Berdiskusi atau berdebat tentang ‘bidang’ yang tidak kita kuasai, tentu bukan hal tabu. Jika analisis atau opini kita tentang sebuah ‘isu’ yang asing dengan basic keilmuan kita tidak benar, tentu itu hal yang lumrah. Yang terpenting kita tahu dan sadar bahwa kita ‘telah melakukan kesalahan’. Jika kita sampai pada level kesadaran semacam itu, maka ada hal baru yang kita timba, yaitu belajar dari kesalahan itu. Sikap rendah hati atau ugahari secara intelektual itu sangat berguna bagi kemajuan cara berpikir.
Sudah tidak terhitung pendapat dan perspektif kami tentang berbagai isu yang ditulis dalam ruang media sosial ini mengandung kesalahan elementer setelah mendapat ‘tanggapan balik’ dari warga-net.

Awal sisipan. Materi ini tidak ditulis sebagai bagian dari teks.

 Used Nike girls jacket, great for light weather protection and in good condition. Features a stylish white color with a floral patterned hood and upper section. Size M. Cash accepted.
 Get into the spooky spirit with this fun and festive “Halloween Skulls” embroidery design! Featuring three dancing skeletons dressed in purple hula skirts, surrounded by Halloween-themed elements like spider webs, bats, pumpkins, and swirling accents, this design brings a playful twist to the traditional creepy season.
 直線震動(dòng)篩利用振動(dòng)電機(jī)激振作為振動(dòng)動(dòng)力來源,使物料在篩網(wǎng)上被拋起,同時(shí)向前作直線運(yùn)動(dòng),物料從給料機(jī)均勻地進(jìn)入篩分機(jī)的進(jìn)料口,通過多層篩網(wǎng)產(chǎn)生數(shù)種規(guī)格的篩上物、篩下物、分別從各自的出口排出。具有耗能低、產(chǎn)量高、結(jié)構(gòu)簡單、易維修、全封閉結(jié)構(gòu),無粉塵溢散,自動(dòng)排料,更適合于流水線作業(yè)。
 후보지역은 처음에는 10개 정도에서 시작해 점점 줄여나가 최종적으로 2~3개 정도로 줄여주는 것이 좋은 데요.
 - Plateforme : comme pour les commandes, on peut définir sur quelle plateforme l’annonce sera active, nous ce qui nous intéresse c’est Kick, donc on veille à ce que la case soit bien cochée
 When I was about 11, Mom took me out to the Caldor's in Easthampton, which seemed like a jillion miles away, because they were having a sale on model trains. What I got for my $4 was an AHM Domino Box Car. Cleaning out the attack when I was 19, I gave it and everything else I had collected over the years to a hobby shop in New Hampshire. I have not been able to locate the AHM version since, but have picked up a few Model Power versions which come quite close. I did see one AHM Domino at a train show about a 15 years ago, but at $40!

Pelbagai jenis kesalahan itu tidak membuat pengetahuan saya berkurang, tetapi justru bertambah sebab kesalahan itu ‘bisa diperbaiki’.

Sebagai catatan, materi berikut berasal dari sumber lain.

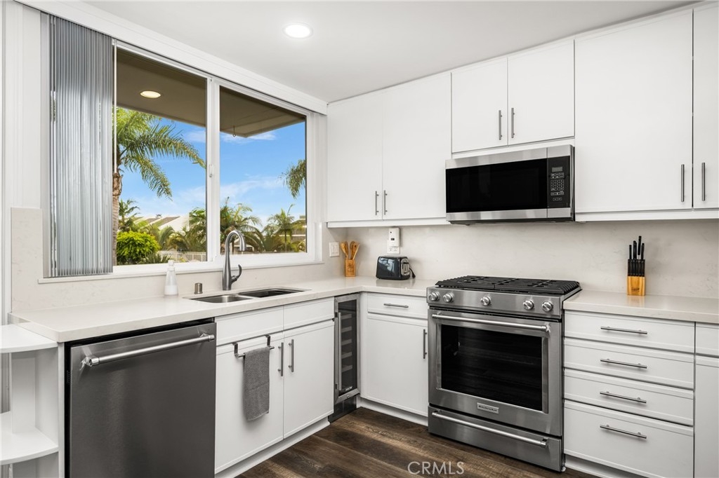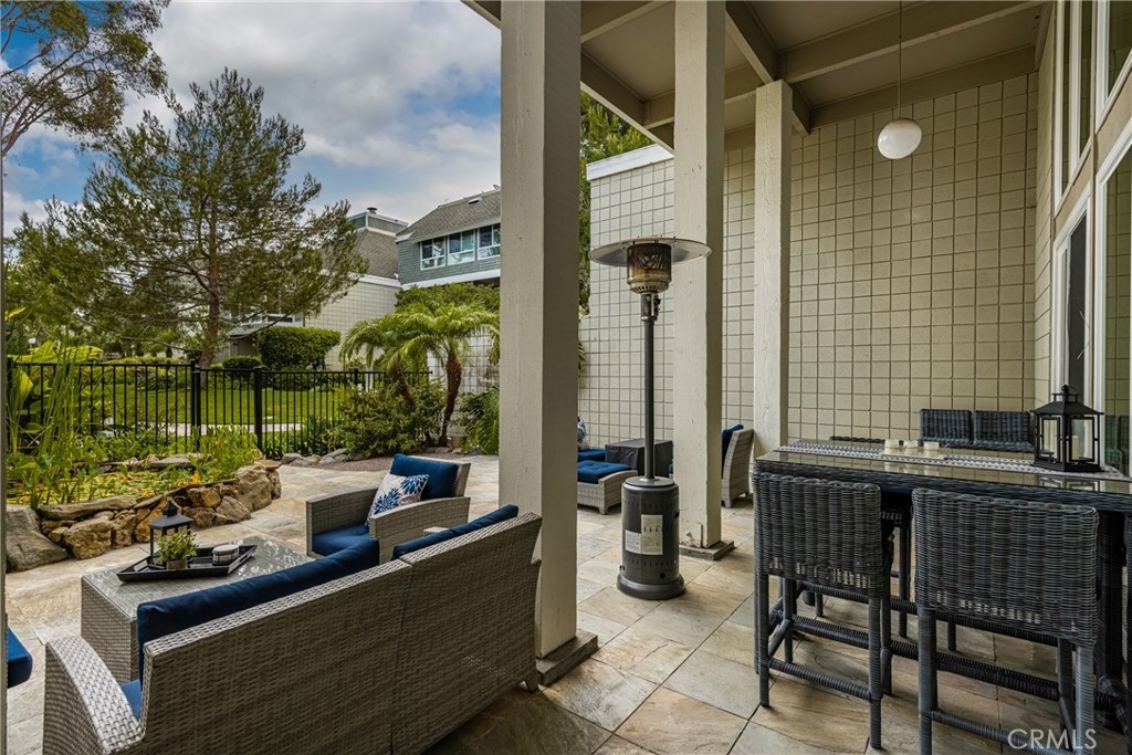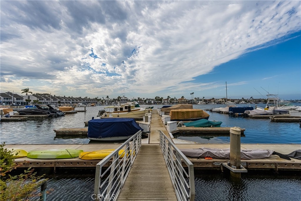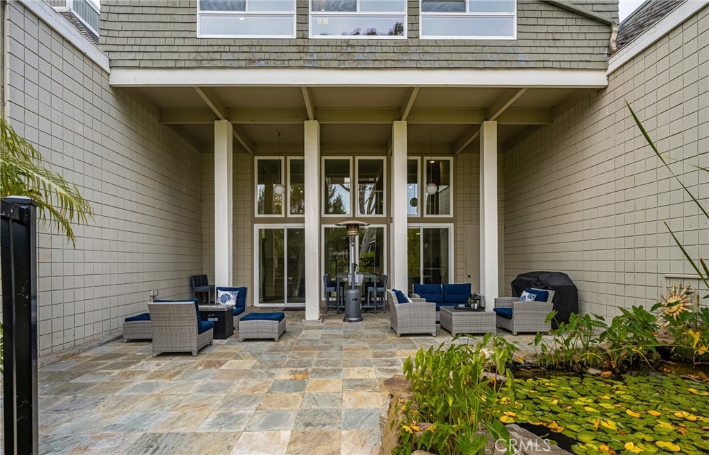 New Price! Experience the best of Huntington Harbour living in this beautifully updated tri-level condo with a deeded 25-foot private dock just moments from your door. This 3-bedroom, 2.5-bath residence is located in a gated, resort-style community and has been thoughtfully remodeled to blend luxury with coastal comfort. Fresh paint, new light Berber carpet, and newer dual-pane windows create a light and airy feel throughout. The gourmet kitchen features white cabinetry, quartz countertops, and high-end KitchenAid appliances along with a built-in Dacor refrigerator. A formal dining area, breakfast nook, and spacious living room provide multiple options for gathering, while the lower-level family room with fireplace and bar opens directly to the private patio. The outdoor space is a true retreat with multiple seating areas, a fire pit, and a serene pond with a waterfall feature framed by lush greenbelts for privacy. Upstairs, the primary suite offers a spa-like, remodeled bathroom with a freestanding tub, dual vanities, and sleek contemporary finishes. A fully updated second bath features Carrara porcelain tile and modern details. Beyond the home itself, the community amenities include tennis, pickleball, and basketball courts, a sparkling pool and spa, and direct access to a sandy beach area for paddleboarding, kayaking, and sunbathing. This is a rare opportunity to enjoy a private dock, peaceful setting, and vibrant neighborhood in one of Huntington Harbour’s most sought-after enclaves.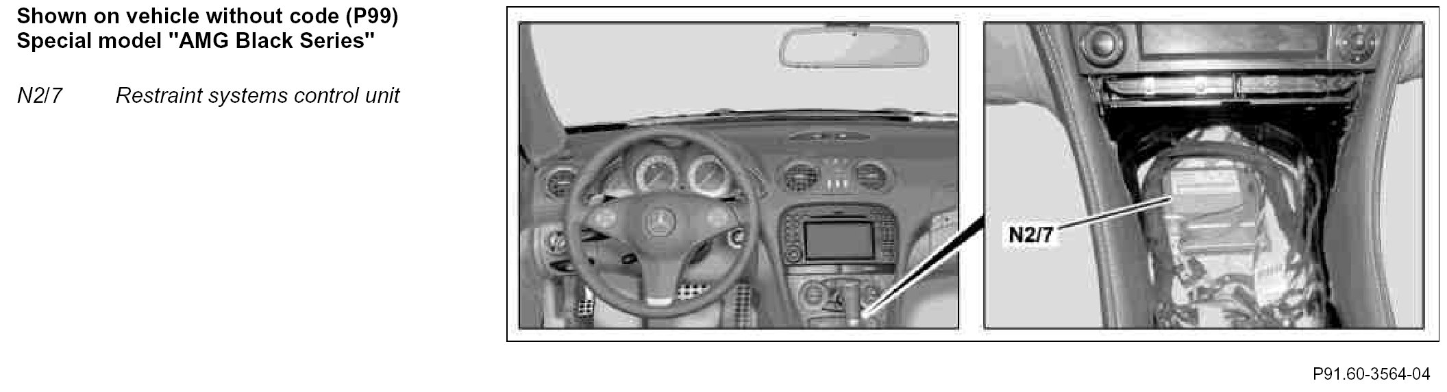 - Right sidebag sensor (A54) (not with code (P99) Special model "AMG Black Series" without code (494) USA version)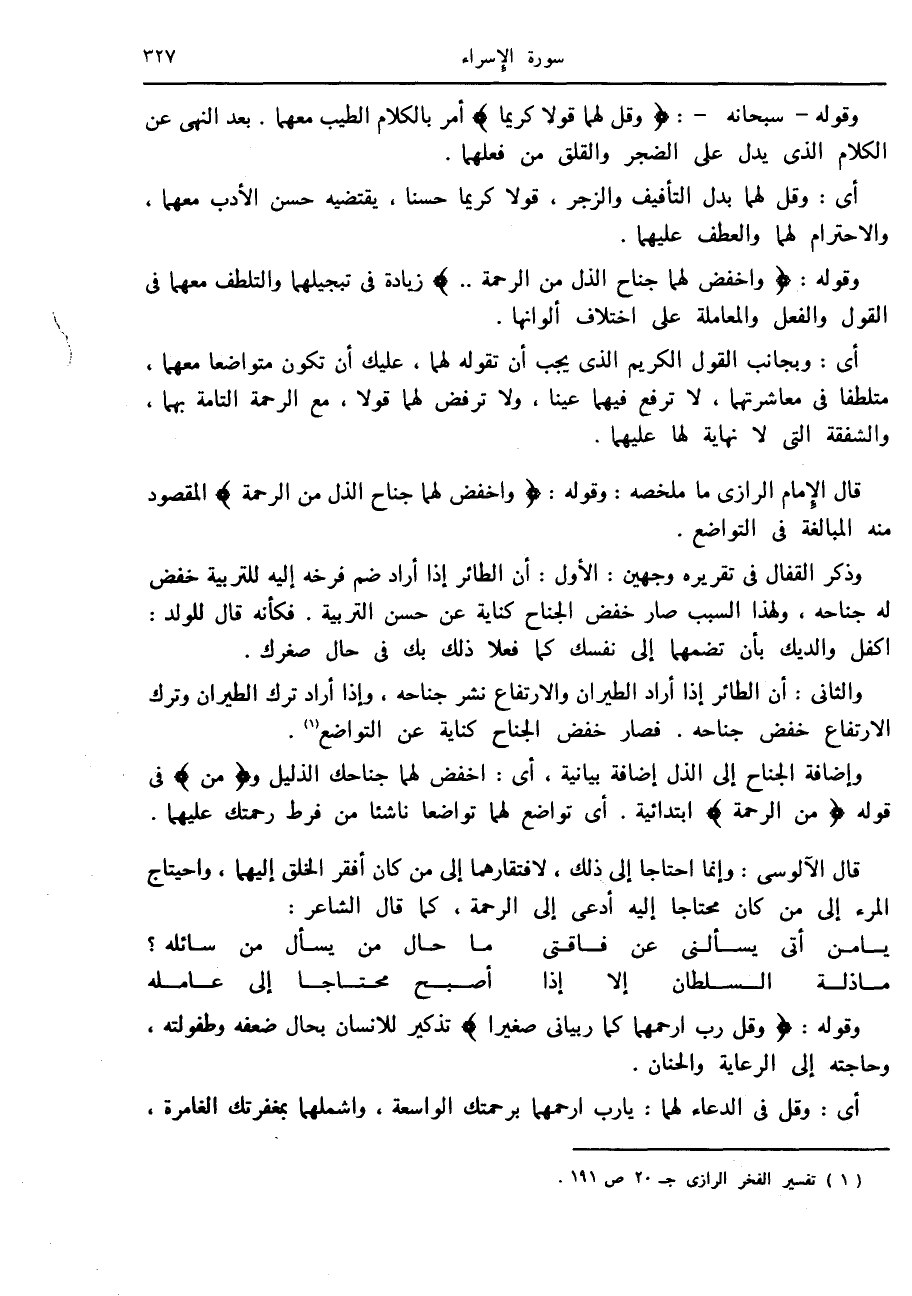 قال الإمام الرازي ما ملخصه: وقوله: وَاخْفِضْ لَهُما جَناحَ الذُّلِّ مِنَ الرَّحْمَةِ المقصود منه المبالغة في التواضع.

No man is perfect. Tidak ada manusia yang ‘serba tahu’ di dunia ini. Rasionalitas kita agak terbatas untuk memahami secara sempurna semua elemen di muka bumi ini. Kendati terbatas, kita selalu ‘tergerak’ untuk mencari tahu lebih dalam tentang apa yang masih samar dalam pikiran. Risikonya adalah kita pasti ‘tercebur’ dalam kolam kesalahan itu.
Oleh sebab itu, tentu sebuah kekeliruan jika kita ‘mengutuk’ kesalahan demi kesalahan yang dibuat oleh seorang anak atau peserta didik. Pendidikan dan pengasuhan anak, saya kira mesti dijiwai oleh spirit pedagogi berbasis kesalahan itu. Kita mesti bangga ketika anak atau siswa melakukan kesalahan.
Alih-alih ‘memarahi atau mengutuk’ , semestinya, kesalahan menjadi momentum untuk ‘mengarahkan siswa’ dalam menemukan kebenaran. Dengan itu, proses pendidikan kita sebenarnya bukan ‘mentransfer paket kebenaran ilmu’ yang sudah jadi, tetapi membuka ruang dan peluang bagi para siswa untuk bergumul dengan isu atau tema tertentu. Dalam pergumulan itu, kesalahan demi kesalahan pasti terjadi. Tugas guru adalah ‘membantu siswa’ untuk mengoptimalkan kemampuannya dalam menemukan kebenaran di balik kesalahan-kesalahan itu.
Guru coba membantu anak didik untuk berkembang dalam pencarian akan ‘yang benar’. Dalam pencarian itu, tak bisa dielak, para siswa mengalami ‘pengalaman jatuh dan bangun’. Guru mesti hadir dalam momen jatuh (melakukan kesalahan) agar anak didik sadar akan kerapuhan diri dan semakin percaya diri pada kesanggupannya untuk bisa belajar dari kesalahan demi kesalahan dalam hidupnya.
*) Sil Joni merupakan pemerhati masalah sosial dan politik. Saat ini penulis berdomisili di Labuan Bajo, Manggarai Barat, FLores NTT.
Catatan Redaksi: Opini pada kolom ini merupakan pandangan pribadi penulis dan sepenuhnya menjadi tanggungjawab penulis.